#### Assigned task
Exact copies of the lines from the one holding "본건 건물 외관 사진" through the last line of the entries below are to be printed, with pictures omitted.

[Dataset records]

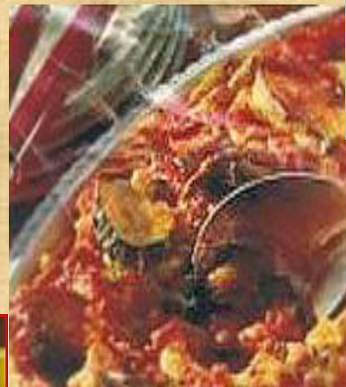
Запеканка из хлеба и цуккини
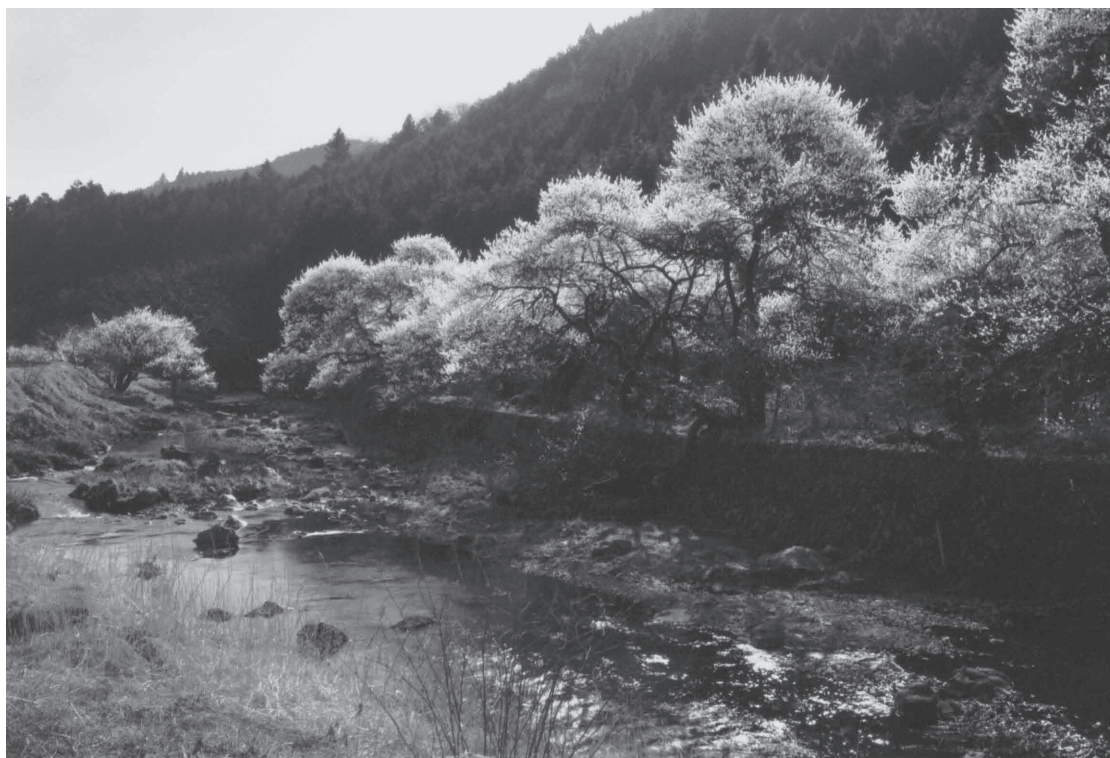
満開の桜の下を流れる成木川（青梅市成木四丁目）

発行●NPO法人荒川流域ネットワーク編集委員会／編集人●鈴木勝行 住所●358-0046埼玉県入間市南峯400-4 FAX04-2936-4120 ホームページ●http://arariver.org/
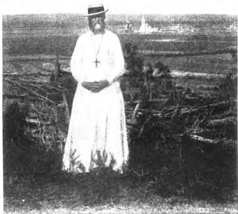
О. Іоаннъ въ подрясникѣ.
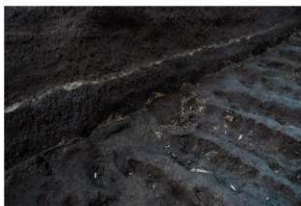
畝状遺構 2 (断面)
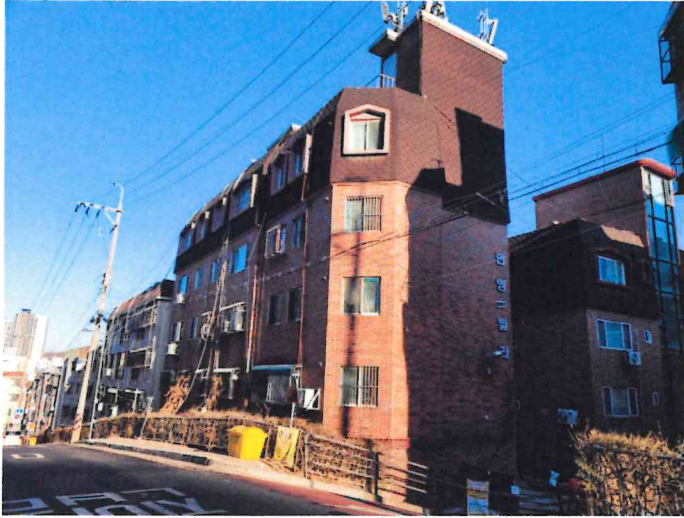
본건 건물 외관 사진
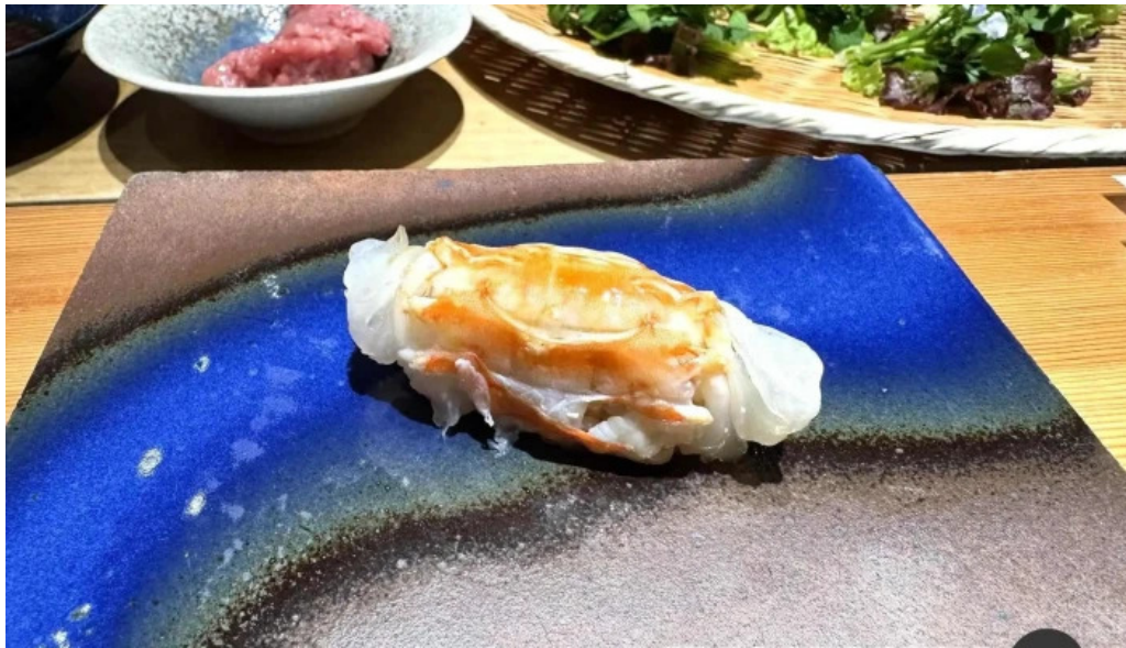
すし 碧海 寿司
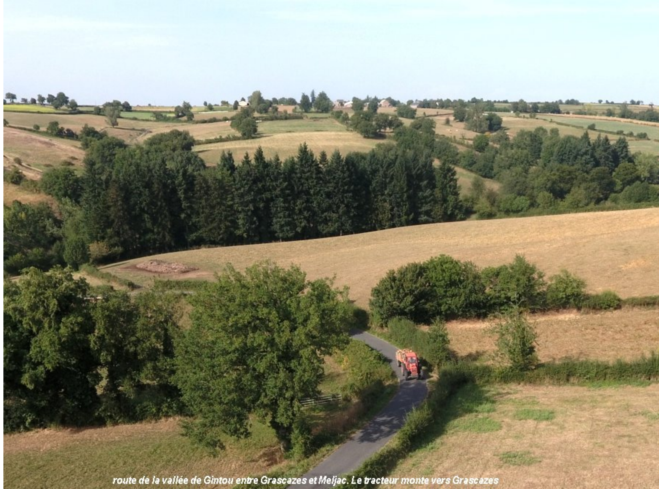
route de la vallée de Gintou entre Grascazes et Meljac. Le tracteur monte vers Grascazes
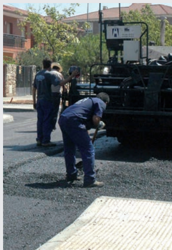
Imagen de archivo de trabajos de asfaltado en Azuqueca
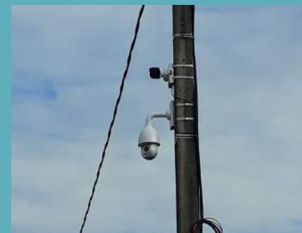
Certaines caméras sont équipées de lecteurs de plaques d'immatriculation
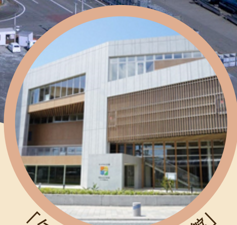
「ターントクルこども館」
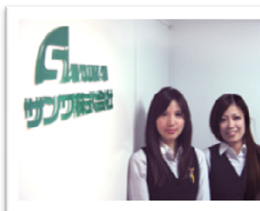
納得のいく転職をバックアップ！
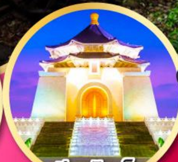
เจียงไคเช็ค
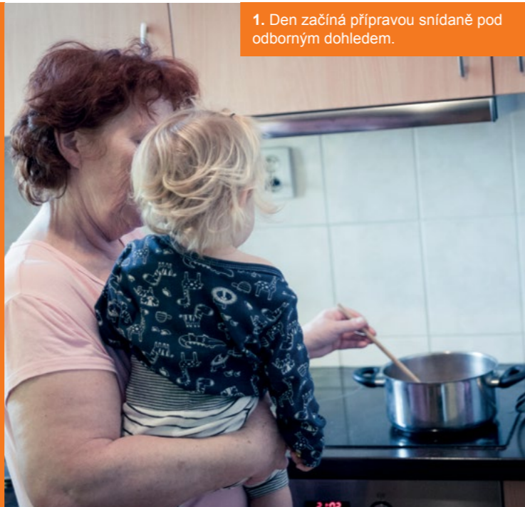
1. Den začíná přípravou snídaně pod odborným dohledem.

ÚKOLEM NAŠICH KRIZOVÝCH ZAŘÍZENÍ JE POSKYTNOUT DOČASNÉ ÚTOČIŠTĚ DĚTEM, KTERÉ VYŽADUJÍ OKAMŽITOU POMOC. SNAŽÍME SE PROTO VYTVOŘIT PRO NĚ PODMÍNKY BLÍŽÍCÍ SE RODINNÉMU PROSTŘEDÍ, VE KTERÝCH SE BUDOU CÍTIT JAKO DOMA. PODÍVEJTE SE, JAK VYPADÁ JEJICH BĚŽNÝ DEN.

#### Answer space
본건 건물 외관 사진
すし 碧海 寿司
route de la vallée de Gintou entre Grascazes et Meljac. Le tracteur monte vers Grascazes
Imagen de archivo de trabajos de asfaltado en Azuqueca
Certaines caméras sont équipées de lecteurs de plaques d'immatriculation
「ターントクルこども館」
納得のいく転職をバックアップ！
เจียงไคเช็ค
1. Den začíná přípravou snídaně pod odborným dohledem.

ÚKOLEM NAŠICH KRIZOVÝCH ZAŘÍZENÍ JE POSKYTNOUT DOČASNÉ ÚTOČIŠTĚ DĚTEM, KTERÉ VYŽADUJÍ OKAMŽITOU POMOC. SNAŽÍME SE PROTO VYTVOŘIT PRO NĚ PODMÍNKY BLÍŽÍCÍ SE RODINNÉMU PROSTŘEDÍ, VE KTERÝCH SE BUDOU CÍTIT JAKO DOMA. PODÍVEJTE SE, JAK VYPADÁ JEJICH BĚŽNÝ DEN.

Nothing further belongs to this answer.